#### WHAT IS REQUIRED
The lines from the beginning of the records below through the one holding "Daily Reminders - Learn" are to be copied exactly; leave the pictures out.

#### DATA SHOWN
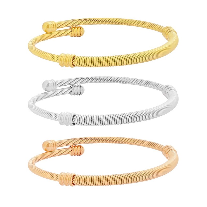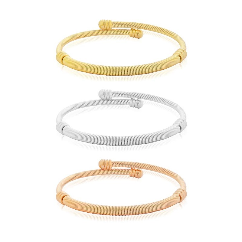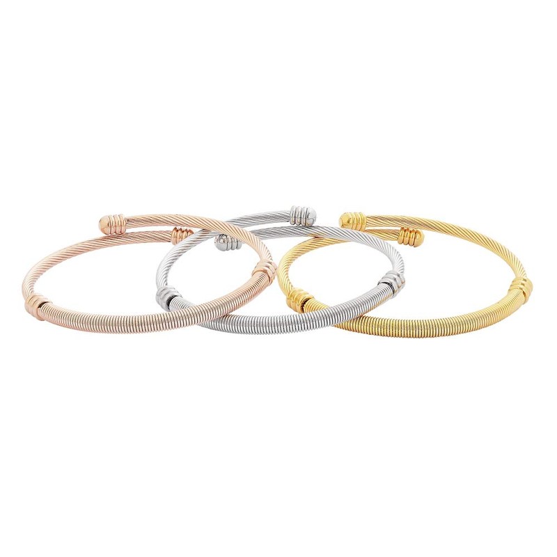 EDFORCE 3 Tone Stainless Steel Hypoallergenic Stacked Twisted Cable Wire Bangle Adjustable Cuff Bracelet Set, Set of 3, 6"-7.5" (Wire)
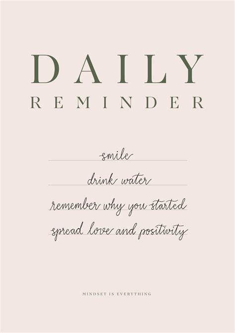 Daily Reminders - Learn how to condition your mind with positive thinking and achieve your goals with daily reminders. Before you throw your hands up and call it quits… read these positive. Find inspirational and motivational quotes, images, and mantras to start your day with positivity and happiness. Any time you feel like you’ve strayed from your path or want to give up,.
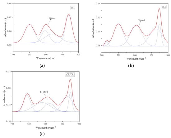 Infrared spectra of extracts in the 700–900 cm−1 range. ((a) is the carbon disulphide fit, (b) is the acetone fit and (c) is the mixed solvent fit. The red line is the fitted curve and the blue line is the sub peak).
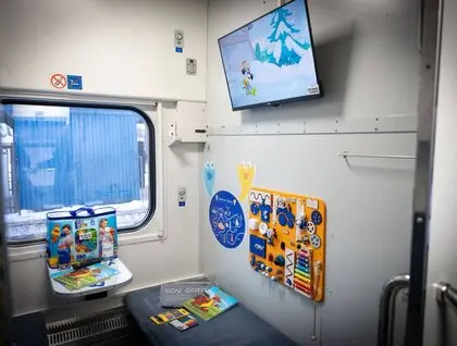 Також є все необхідне для дітей — мультики, ігри, розмальовки, книжки та настільні ігри. Також є дружні до тварин купе зі смаколиками.
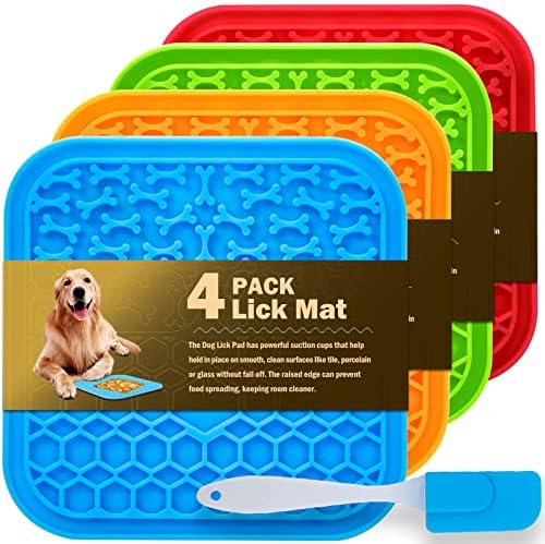View full details4 Pack Lick Mat for Dogs, Dog Slow Feeder Dowl Mat for Bathing Grooming Nailing Trimming, Food-Grade, Non-Toxic, Licking pad for Dogs and Cats, Puzzle Feeding Mat for Pets

#### OUTPUT OF THE EXERCISE
 EDFORCE 3 Tone Stainless Steel Hypoallergenic Stacked Twisted Cable Wire Bangle Adjustable Cuff Bracelet Set, Set of 3, 6"-7.5" (Wire)
 Daily Reminders - Learn how to condition your mind with positive thinking and achieve your goals with daily reminders. Before you throw your hands up and call it quits… read these positive. Find inspirational and motivational quotes, images, and mantras to start your day with positivity and happiness. Any time you feel like you’ve strayed from your path or want to give up,.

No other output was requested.